Gyros are just the opposite; they are accurate over the short-term, but not long-term due to drift. By "fusing" both sensors together,
they calibrate each other. However, this works only for the pitch and roll axis since the yaw axis is orthogonal to gravity, so the yaw accelerometer
is unable to help. Therefore, an additional sensor is needed for the yaw axis. Two common ones are magnetometers and GPS units. I'll be using a GPS.

(*For more info. on this topic, see: This post*)

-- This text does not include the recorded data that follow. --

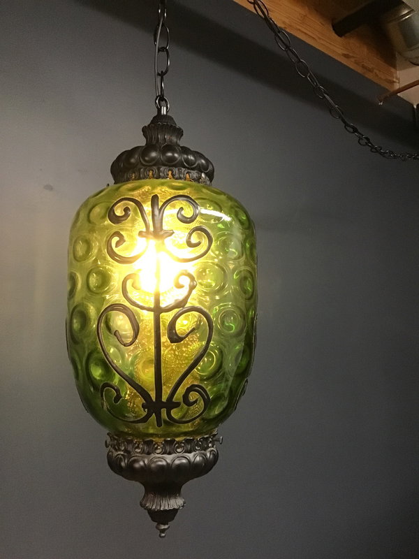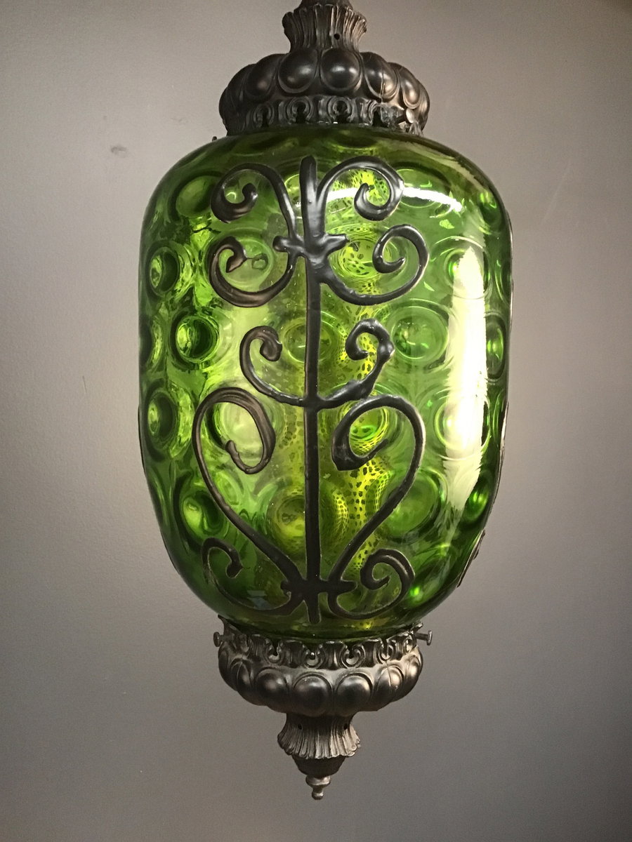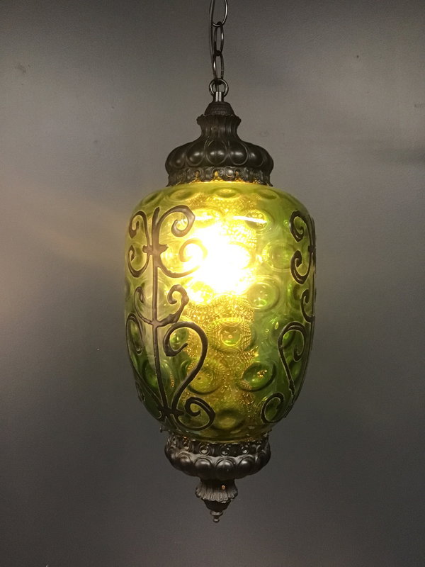 An amazing 1960s Hollywood Regency swag light with a green glass globe that has black accents, and hangs on a 14' long chain and cord with plug and inline switch. These are getting harder and harder to come by! So groovy! Restored in our on site light repair workshop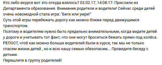 За последние несколько дней в социальных сетях массово стали появляться рассылки, предупреждающие родителей о новой опасной игре их детей. Якобы школьники устраивают соревнования, перебегая дорогу прямо перед движущимся транспортом. Авторы сообщений призывают водителей к внимательности, а родителей — просят провести дополнительные беседы с детьми. Сообщения рассылаются по всем городам России.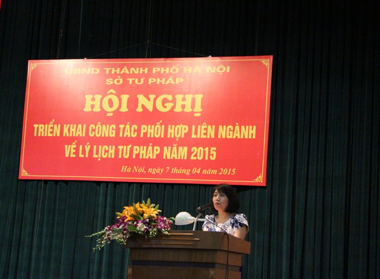 Thực hiện Chỉ thị số 02/CT-BTP ngày 09/3/2015 của Bộ trưởng Bộ Tư pháp về việc tăng cường xây dựng, quản lý, sử dụng và khai thác Cơ sở dữ liệu lý lịch tư pháp, Kế hoạch số 17/KH-UBND ngày 13/01/2015 của UBND thành phố Hà Nội về trọng tâm công tác tư pháp trên địa bàn thành phố Hà Nội năm 2015, ngày 07/4/2015, Sở Tư pháp thành phố Hà Nội đã tổ chức Hội nghị triển khai công tác phối hợp liên ngành về lý lịch tư pháp. Tham dự Hội nghị có đại diện Lãnh đạo Trung tâm Lý lịch tư pháp quốc gia, Lãnh đạo Tòa án, Viện Kiểm sát, Công an, Thi hành án dân sự Thành phố, đại diện lãnh đạo Tòa án, Viện Kiểm sát, Công an, Thi hành án dân sự các quận, huyện trên địa bàn thành phố và cán bộ làm công tác phối hợp cung cấp, tra cứu, xác minh thông tin của các cơ quan Tòa án, Viện Kiểm sát, Công an, Thi hành án dân sự Thành phố và các quận, huyện. Đồng chí Phạm Thanh Cao, Phó Giám đốc Sở Tư pháp chủ trì Hội nghị.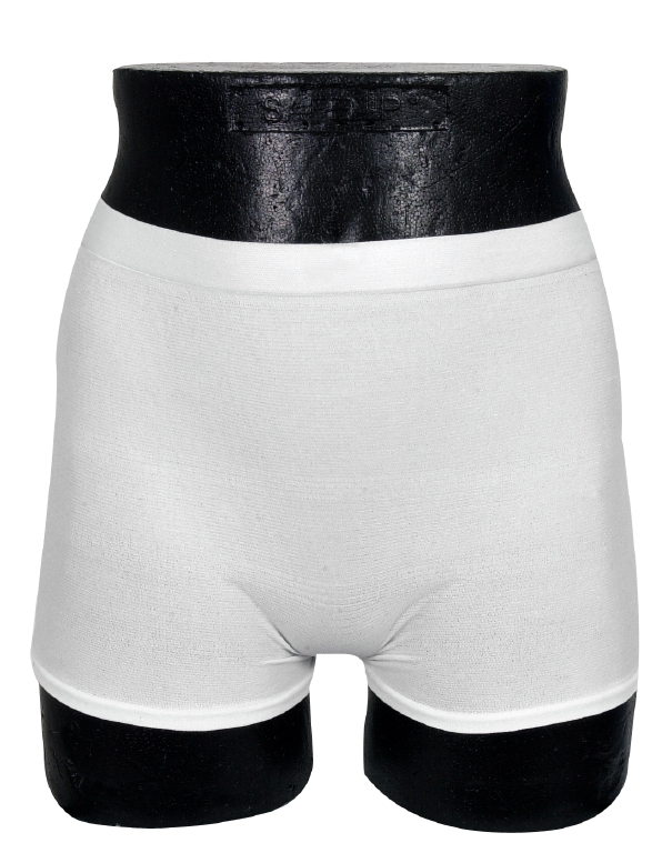 Abri-Fix Pants Super är en elastisk fixeringsbyxa med ben av andningsbart, mjukt material som följer kroppens anatomi. Byxorna ser ut och känns som vanliga underkläder. Det elastiska materialet och sticktekniken håller skydden tätt mot kroppen vilket garanterar läckagesäkerhet. Det gör att de fungerar optimalt oavsett aktivitetsnivå och rörelseförmåga. Den sömlösa sticktekniken – ett innovativt sätt att producera textilier som är nästan fria från sömmar – förhindrar tryckmärken och hudirritation. Produkterna kan tvättas 100 gånger och är därför mycket kostnadseffektiva genom längre användningstid. Abri-Fix Pants Super har färgkodad midjeresår för respektive storlek, och är även märkta med produktnamn, tvättråd och materialsammansättning. 97 % polyester, 3 % elastan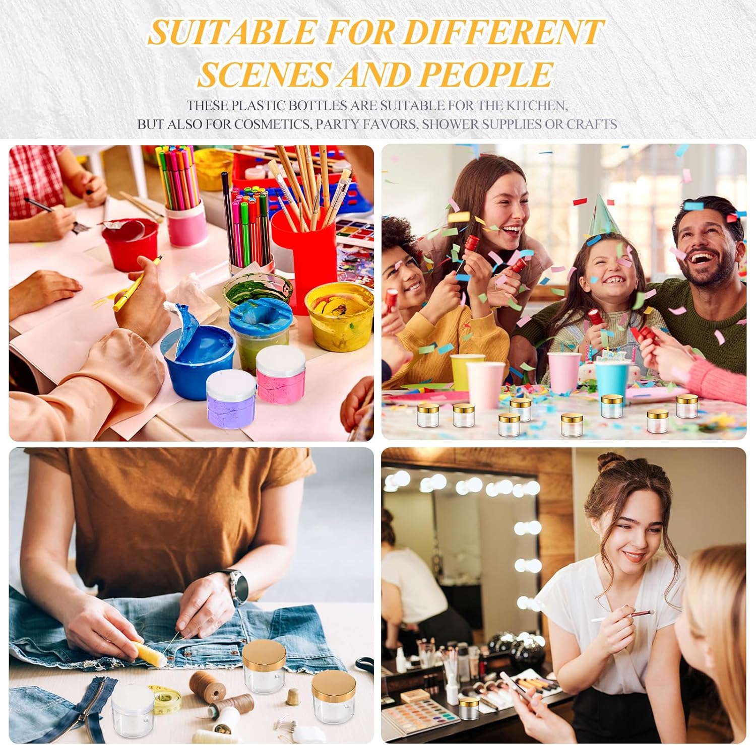 - Multi-functional container: good way to store your homemade cosmetic, body lotion, moisturizers, face masks, specimen collection, putty, lotions, fragrances, DIY slime, party favors, or other crafts, good tools in daily life

**Sensor Fusion:** So the next question is, how do I "fuse" the data from these sensors together and get
an output that I can actually use? Simple! Well, not really. But the answer is, sensor fusion! There are many ways of processing & filtering this data.
A few of these include:

**Kalman filter**- An industry-standard way of processing such data. An EKF, Extended Kalman Filter would be an appropriate choice.**Complementary filter**- Less complex than a Kalman filter**DCM algorithm**- Based on using a Direction Cosine Matrix (See DCMDraft2.pdf)- Many other variations of these

**Coordinate Systems:** I think it would be important to note at this point (incase you're
not familiar) the standard coordinate systems used to describe the positions of an aircraft. There
are basically two systems I will use; one for the Plane, one for Earth:

- X axis - Extends along the aircrafts fuselage, longitudinally. Positive is forward (towards aircraft's nose)
- Y axis - Extends perpendicular to X axis. Positive is towards right wing.
- Z axis - Extends downwards, perpendicular to X-Y plane. Positive is down.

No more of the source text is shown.